Sister Paveline raised a brown eyebrow with a grey streak.
“Veterans?”
“Ah, no Ma’am. They are renegade.”
The priestess frowned sharply.
“Their leader would have had green eyes, Sister,” Tilda said. “Very striking.”
Sister Paveline looked surprised, but she shook her head.
“I am sorry, but the only men we have seen here who looked like legionnaires, were actual legionnaires. There was a green-eyed fellow and two others, but they were in full uniform. Nor did they seek our aid, nor succor.”
“Wait,” Dugan held up a hand. “The Empire has soldiers stationed here?”
“I did not think so, but these men were on a mission.” Paveline looked between Dugan and Tilda. “The two of you arrived here with the pair from Daul, yes?”
“Yes,” Tilda said. “Why?”
“Well, the Legion men were here specifically to greet anyone from Daul seeking refuge in the Empire.

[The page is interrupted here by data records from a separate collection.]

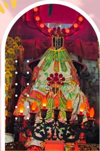
วัดเจ้าแม่กวนอิมฮ่องกง ขอพรเรื่องเงิน ทรัพย์สิน และความมั่งคั่ง
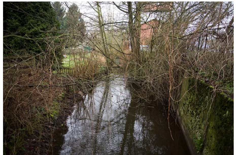
Abb. 2. 4566 Diestel Station 5.1 Rückstau

den gesamten Wasserkörper übertragen werden kann. Der Leitfaden Monitoring Oberflächengewässer des Landes NRW (MKULNV NRW, 2009) sieht für den Fall, wenn das Bewertungsergebnis bei Betrachtung des Wasserkörpers nicht plausibel erscheint, im kommenden Monitoringzyklus eine erneute Untersuchung, ggf. an einer besser geeigneten Messstelle oder ein investigatives Monitoring vor. Vor solchen aufwendigen Untersuchungen sollte aber erst einmal die Behebung offensichtlicher Mängel im Wasserkörper vorrangig sein. Ein derartig konzeptionelles Vorgehen ist aber noch nicht zu erkennen. Die Freude über eines der wenigen guten Messergebnisse führt zu dem Fehlschluss, dass für den zugehörigen Wasserkörper kein Handlungsbedarf mehr gegeben ist.
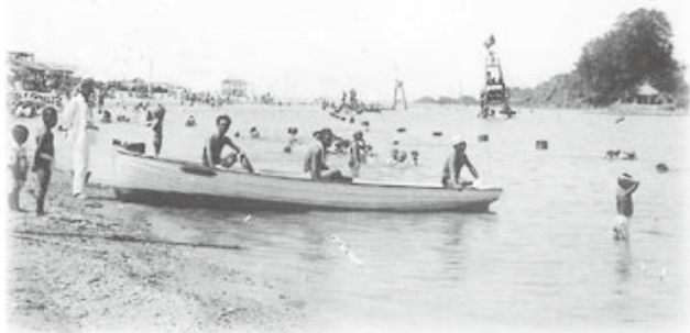
▲鼠ヶ関海水浴場(昭和前期頃)
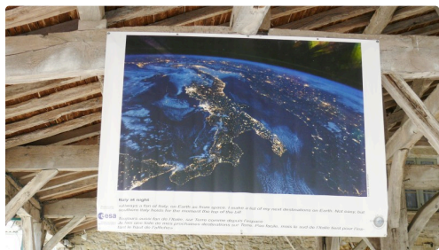
Le sud de l'Italie.
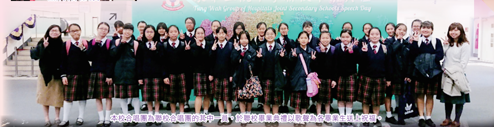
本校合唱團為聯校合唱團的其中一員，於聯校畢業典禮以歌聲為各畢業生送上祝福。

Given the cost and danger of traversing the Wilds we hardly expected anyone like that to show up here, and no one had. Until tonight.”
Tilda stared, and a bead of cold sweat trickled down her spine to the small of her back under her layered clothing and armor. Something was terribly, terribly wrong. She did not know quite what it was, but she was sure of it.
“Where did Claudja and Towsan go?” she asked.
“Those are your friends from Daul? I understand Brother Heggenauer was taking them to meet the legionnaires at their inn, south of here.”
“What inn?” Dugan asked calmly. Sister Paveline winced.
“It is called the Dead Possum. Five blocks down at an intersection with a willow tree in the center. You can’t miss it as the sign is very…graphic.”
Tilda was still for one second. Then she dropped her pack and saddlebags and was running flat out.